I am learning Dask to make my Python projects more efficient and scalable. To understand its performance better, I wrote a script comparing the computation time of Pandas and Dask when calculating the mean of a column in a large dataset. Here's my code:
import pandas as pd
import dask.dataframe as dd
import time
from memory_profiler import memory_usage
filename = "large_dataset_3.csv"
df_pd = pd.read_csv(filename)
df_dask = dd.read_csv(filename, blocksize=75e6)
start = time.time()
mean_pd = df_pd["points"].mean()
stop = time.time()
print(f"Pandas Mean Computation Time {stop - start:.5f} seconds")
start = time.time()
mean_dask = df_dask["points"].mean()pute(num_workers=4)
stop = time.time()
print(f"Dask Mean Computation Time {stop - start:.5f} seconds")
When I run this script, I find that Pandas computes the mean in about 0.02 seconds, while Dask takes more than 4.5 seconds.

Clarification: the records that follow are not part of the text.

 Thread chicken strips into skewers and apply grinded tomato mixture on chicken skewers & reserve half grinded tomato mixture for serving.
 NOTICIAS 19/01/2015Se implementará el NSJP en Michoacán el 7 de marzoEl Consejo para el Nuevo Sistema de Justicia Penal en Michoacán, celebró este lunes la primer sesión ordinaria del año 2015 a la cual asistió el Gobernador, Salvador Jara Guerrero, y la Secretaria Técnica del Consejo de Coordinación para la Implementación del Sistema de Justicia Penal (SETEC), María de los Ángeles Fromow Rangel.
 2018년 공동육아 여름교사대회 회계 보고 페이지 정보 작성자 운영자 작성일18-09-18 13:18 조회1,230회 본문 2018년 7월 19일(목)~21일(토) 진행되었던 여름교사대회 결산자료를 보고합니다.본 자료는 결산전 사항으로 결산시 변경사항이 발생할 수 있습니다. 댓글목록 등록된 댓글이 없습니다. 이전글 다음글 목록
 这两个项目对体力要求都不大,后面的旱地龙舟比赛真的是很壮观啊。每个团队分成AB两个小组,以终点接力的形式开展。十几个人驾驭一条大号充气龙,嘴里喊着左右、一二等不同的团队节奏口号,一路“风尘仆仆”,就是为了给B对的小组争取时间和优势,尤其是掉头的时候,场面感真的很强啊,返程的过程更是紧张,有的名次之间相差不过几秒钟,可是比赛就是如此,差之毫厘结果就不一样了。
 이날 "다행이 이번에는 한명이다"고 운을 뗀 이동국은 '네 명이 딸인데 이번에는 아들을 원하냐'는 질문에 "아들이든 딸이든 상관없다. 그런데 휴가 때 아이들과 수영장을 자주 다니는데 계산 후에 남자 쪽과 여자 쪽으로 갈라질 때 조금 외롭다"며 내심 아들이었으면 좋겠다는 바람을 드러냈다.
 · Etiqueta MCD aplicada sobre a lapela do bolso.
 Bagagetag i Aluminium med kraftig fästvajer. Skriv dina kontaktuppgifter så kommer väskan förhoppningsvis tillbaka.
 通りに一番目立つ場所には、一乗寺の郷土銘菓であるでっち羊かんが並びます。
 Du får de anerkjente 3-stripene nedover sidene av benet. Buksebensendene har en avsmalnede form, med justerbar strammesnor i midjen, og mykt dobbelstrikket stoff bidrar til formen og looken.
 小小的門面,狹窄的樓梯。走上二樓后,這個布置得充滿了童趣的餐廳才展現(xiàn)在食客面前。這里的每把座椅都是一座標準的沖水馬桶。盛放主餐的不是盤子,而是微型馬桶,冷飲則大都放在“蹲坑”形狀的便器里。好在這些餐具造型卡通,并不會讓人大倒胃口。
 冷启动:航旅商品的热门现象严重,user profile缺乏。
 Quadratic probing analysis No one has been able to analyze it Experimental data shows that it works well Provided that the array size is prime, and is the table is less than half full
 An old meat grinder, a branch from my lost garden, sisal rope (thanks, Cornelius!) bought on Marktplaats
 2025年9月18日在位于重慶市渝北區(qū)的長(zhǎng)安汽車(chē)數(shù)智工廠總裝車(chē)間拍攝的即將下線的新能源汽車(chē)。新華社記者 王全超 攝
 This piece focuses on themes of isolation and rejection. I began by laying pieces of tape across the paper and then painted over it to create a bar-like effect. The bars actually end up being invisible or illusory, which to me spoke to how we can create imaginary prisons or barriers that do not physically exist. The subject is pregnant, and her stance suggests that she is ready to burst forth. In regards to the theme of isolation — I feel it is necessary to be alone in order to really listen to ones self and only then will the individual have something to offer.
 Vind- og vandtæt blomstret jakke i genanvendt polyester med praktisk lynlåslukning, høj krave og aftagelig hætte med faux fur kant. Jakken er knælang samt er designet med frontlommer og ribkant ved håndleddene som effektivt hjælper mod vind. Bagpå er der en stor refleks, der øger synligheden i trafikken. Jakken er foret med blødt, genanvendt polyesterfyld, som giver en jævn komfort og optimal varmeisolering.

This result is surprising because I expected Dask to be faster due to its parallel processing capabilities.
For context:
The dataset (large_dataset_3.csv) contains 100 million rows, with a total size of 292.4 MB.
My system specs are:
Processor: Intel® Core™ i5-8365U × 8 (4 cores, 8 threads)
RAM: 16 GB
My Questions:
Why is Dask slower than Pandas in this scenario? Are there optimizations or configurations I can apply to make Dask perform better?